Collected material.
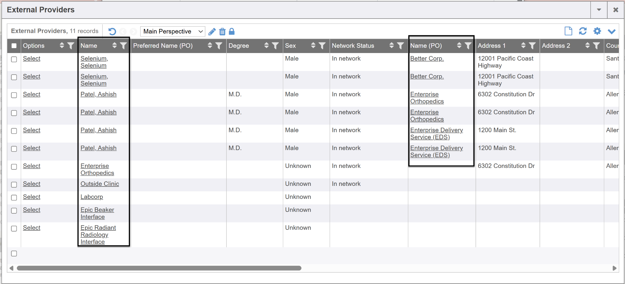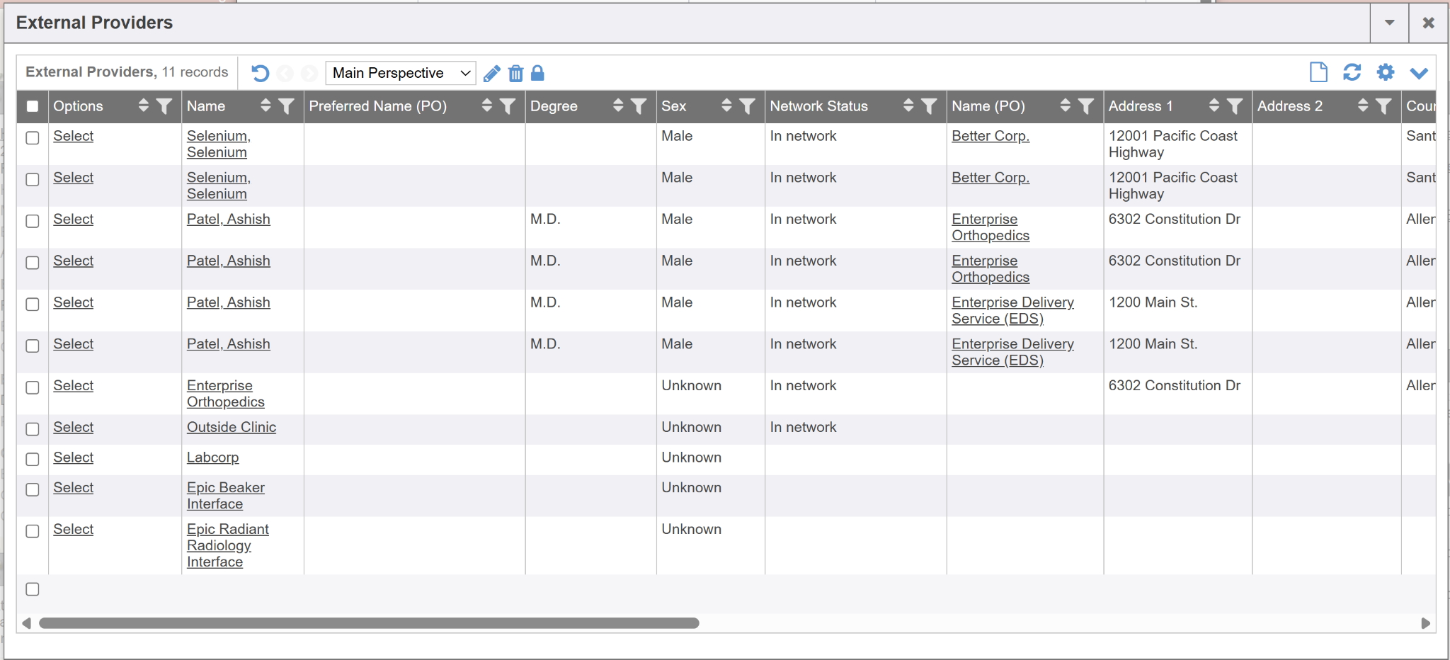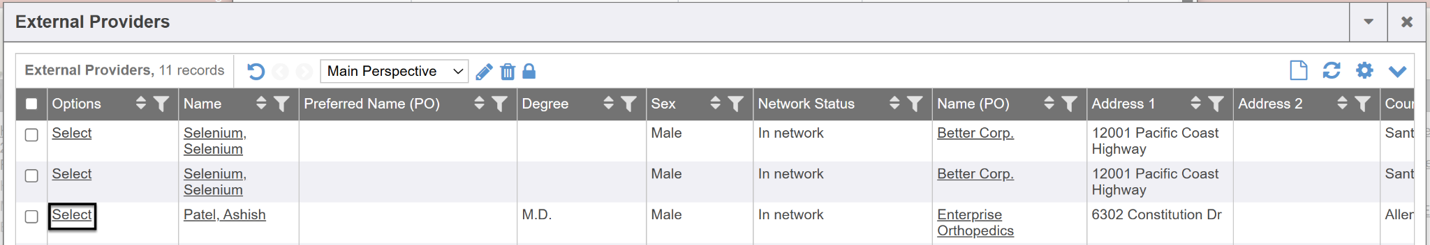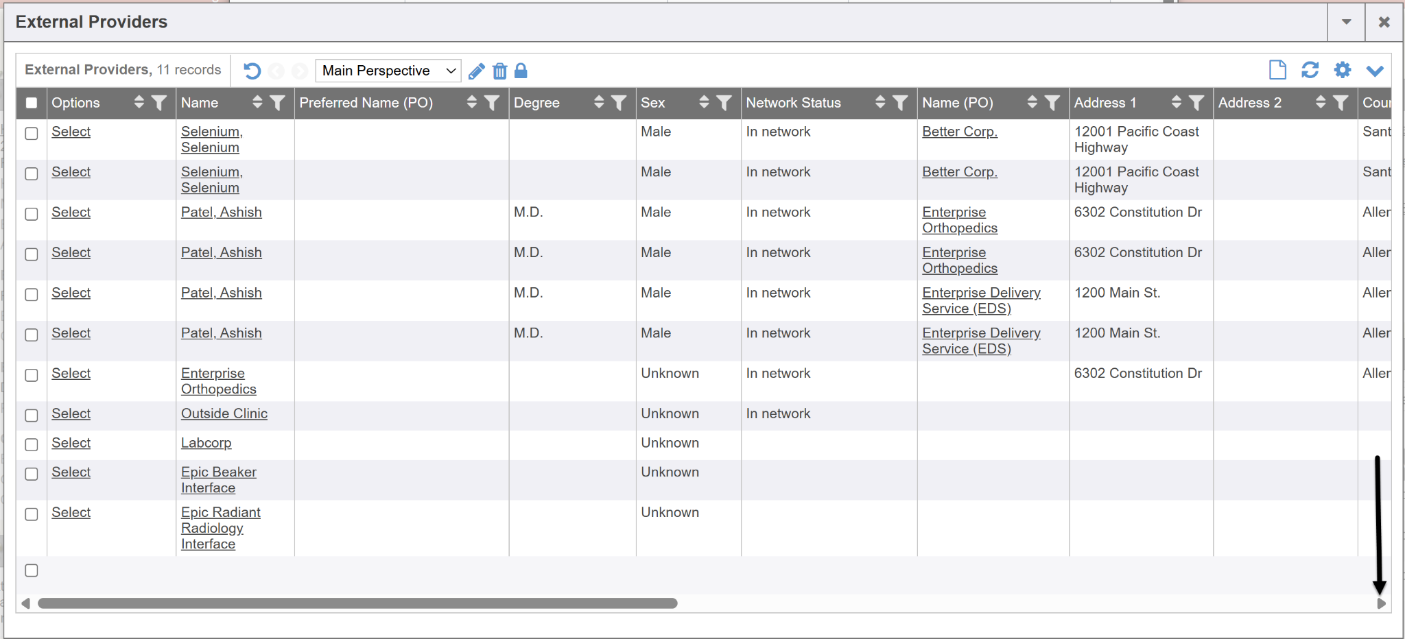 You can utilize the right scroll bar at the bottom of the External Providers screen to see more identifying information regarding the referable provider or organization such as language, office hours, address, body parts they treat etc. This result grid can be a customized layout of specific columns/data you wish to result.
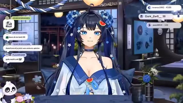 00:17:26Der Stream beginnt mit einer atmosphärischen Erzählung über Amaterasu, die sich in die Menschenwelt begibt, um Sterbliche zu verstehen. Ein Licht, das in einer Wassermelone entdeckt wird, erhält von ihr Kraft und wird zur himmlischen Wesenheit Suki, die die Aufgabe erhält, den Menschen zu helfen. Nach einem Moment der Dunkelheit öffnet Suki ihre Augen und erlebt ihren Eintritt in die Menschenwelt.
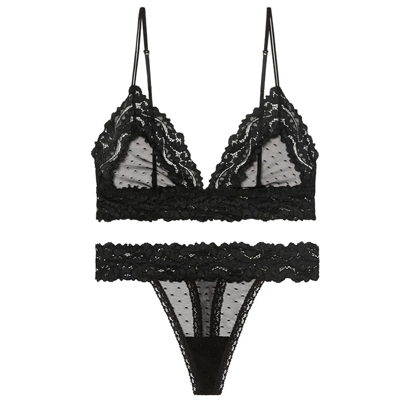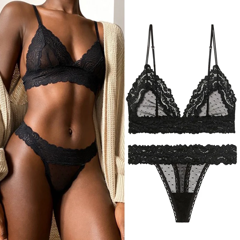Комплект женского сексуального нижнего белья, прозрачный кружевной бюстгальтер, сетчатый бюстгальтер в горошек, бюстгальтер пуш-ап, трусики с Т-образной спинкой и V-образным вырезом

Activity. Leave the pictures out and output the rest of the listing exactly.

Expected answer.
 You can utilize the right scroll bar at the bottom of the External Providers screen to see more identifying information regarding the referable provider or organization such as language, office hours, address, body parts they treat etc. This result grid can be a customized layout of specific columns/data you wish to result.
 00:17:26Der Stream beginnt mit einer atmosphärischen Erzählung über Amaterasu, die sich in die Menschenwelt begibt, um Sterbliche zu verstehen. Ein Licht, das in einer Wassermelone entdeckt wird, erhält von ihr Kraft und wird zur himmlischen Wesenheit Suki, die die Aufgabe erhält, den Menschen zu helfen. Nach einem Moment der Dunkelheit öffnet Suki ihre Augen und erlebt ihren Eintritt in die Menschenwelt.
Комплект женского сексуального нижнего белья, прозрачный кружевной бюстгальтер, сетчатый бюстгальтер в горошек, бюстгальтер пуш-ап, трусики с Т-образной спинкой и V-образным вырезом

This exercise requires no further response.